Return only the lines of the data below from the line with "Overlooking the waterfall" up to and including the line with "Geef een feestelijke", exactly as written, with the pictures omitted.

BEGIN EXTRACTED DATA

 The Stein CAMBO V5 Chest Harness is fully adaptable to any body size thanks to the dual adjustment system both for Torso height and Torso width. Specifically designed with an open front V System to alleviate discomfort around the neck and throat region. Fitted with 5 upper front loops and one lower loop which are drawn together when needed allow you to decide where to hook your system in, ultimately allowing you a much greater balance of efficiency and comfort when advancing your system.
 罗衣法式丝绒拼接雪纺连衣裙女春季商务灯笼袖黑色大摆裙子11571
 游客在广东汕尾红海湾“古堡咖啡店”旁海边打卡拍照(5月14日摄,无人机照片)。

END EXTRACTED DATA
BEGIN EXTRACTED DATA

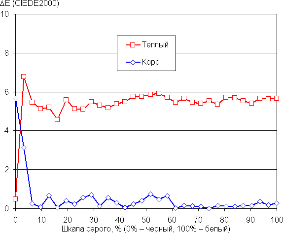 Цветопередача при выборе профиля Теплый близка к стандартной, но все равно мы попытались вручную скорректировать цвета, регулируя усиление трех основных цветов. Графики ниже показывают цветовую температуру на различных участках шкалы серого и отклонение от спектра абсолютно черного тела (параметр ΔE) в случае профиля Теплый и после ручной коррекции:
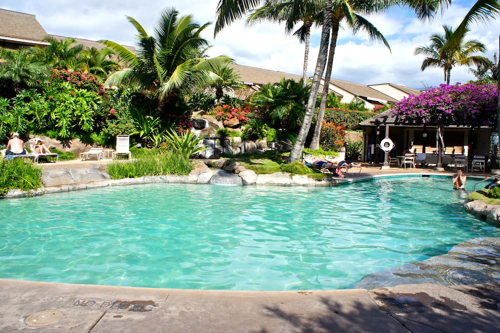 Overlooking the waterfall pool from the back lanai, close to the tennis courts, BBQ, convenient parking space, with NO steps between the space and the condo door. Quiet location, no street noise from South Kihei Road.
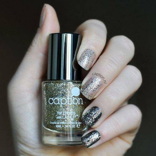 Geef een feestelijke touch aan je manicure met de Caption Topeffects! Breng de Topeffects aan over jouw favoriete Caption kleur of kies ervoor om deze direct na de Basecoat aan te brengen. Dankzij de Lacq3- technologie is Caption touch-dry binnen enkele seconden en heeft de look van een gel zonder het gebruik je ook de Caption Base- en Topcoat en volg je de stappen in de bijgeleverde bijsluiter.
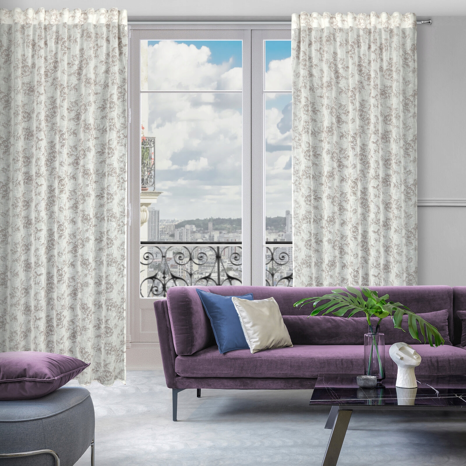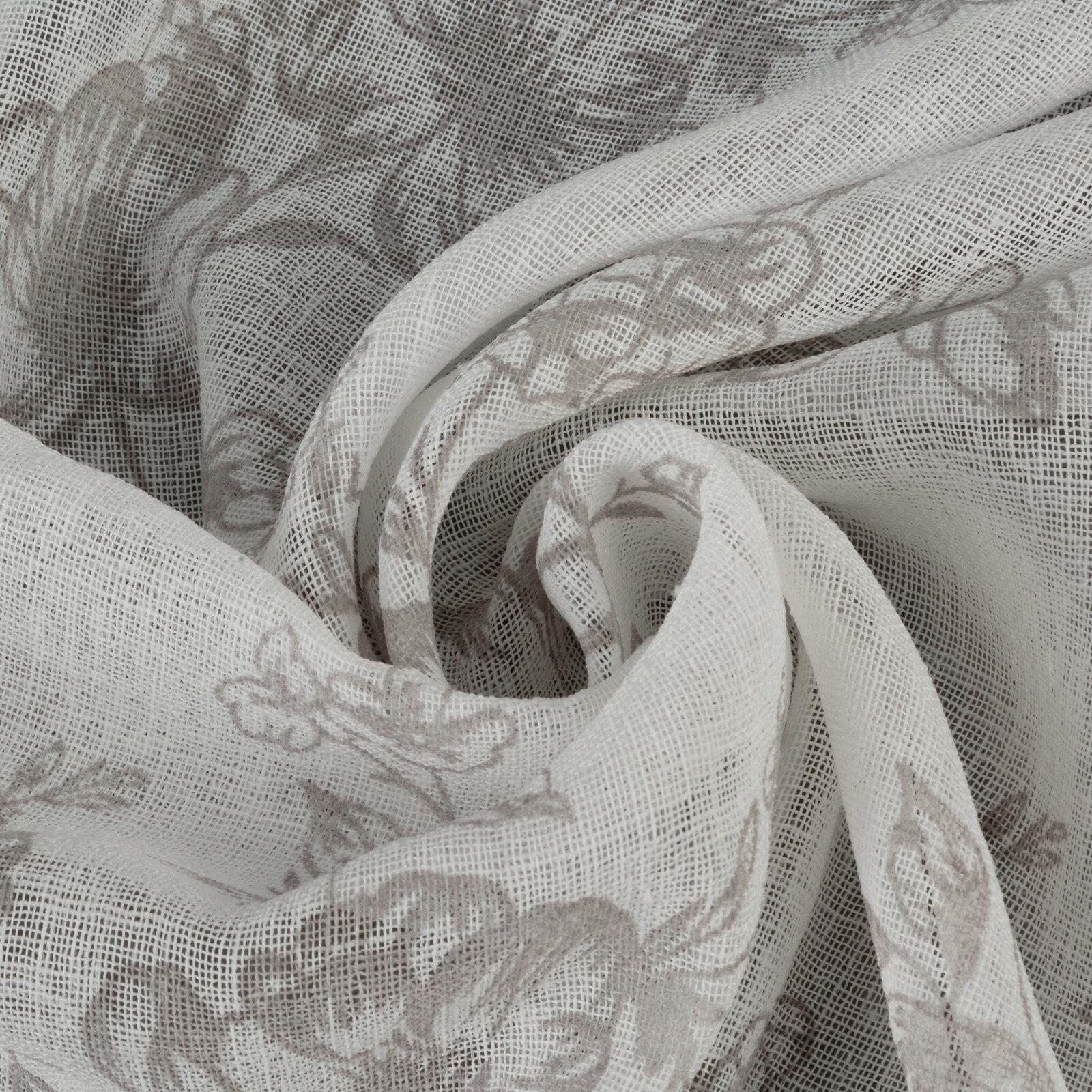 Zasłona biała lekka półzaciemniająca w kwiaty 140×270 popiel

END EXTRACTED DATA
BEGIN EXTRACTED DATA

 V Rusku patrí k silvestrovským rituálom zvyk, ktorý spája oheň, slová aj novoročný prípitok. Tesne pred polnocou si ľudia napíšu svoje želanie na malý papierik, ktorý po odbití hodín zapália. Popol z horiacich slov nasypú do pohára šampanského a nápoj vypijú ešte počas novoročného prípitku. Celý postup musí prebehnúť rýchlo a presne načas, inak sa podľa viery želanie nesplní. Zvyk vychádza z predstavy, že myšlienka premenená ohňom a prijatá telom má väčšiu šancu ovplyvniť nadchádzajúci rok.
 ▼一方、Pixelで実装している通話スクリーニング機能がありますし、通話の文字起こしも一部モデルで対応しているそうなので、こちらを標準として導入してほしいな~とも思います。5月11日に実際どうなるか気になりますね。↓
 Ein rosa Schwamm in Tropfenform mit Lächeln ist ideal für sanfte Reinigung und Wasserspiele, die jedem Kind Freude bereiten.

END EXTRACTED DATA

ANSWER SPACE →
 Overlooking the waterfall pool from the back lanai, close to the tennis courts, BBQ, convenient parking space, with NO steps between the space and the condo door. Quiet location, no street noise from South Kihei Road.
 Geef een feestelijke touch aan je manicure met de Caption Topeffects! Breng de Topeffects aan over jouw favoriete Caption kleur of kies ervoor om deze direct na de Basecoat aan te brengen. Dankzij de Lacq3- technologie is Caption touch-dry binnen enkele seconden en heeft de look van een gel zonder het gebruik je ook de Caption Base- en Topcoat en volg je de stappen in de bijgeleverde bijsluiter.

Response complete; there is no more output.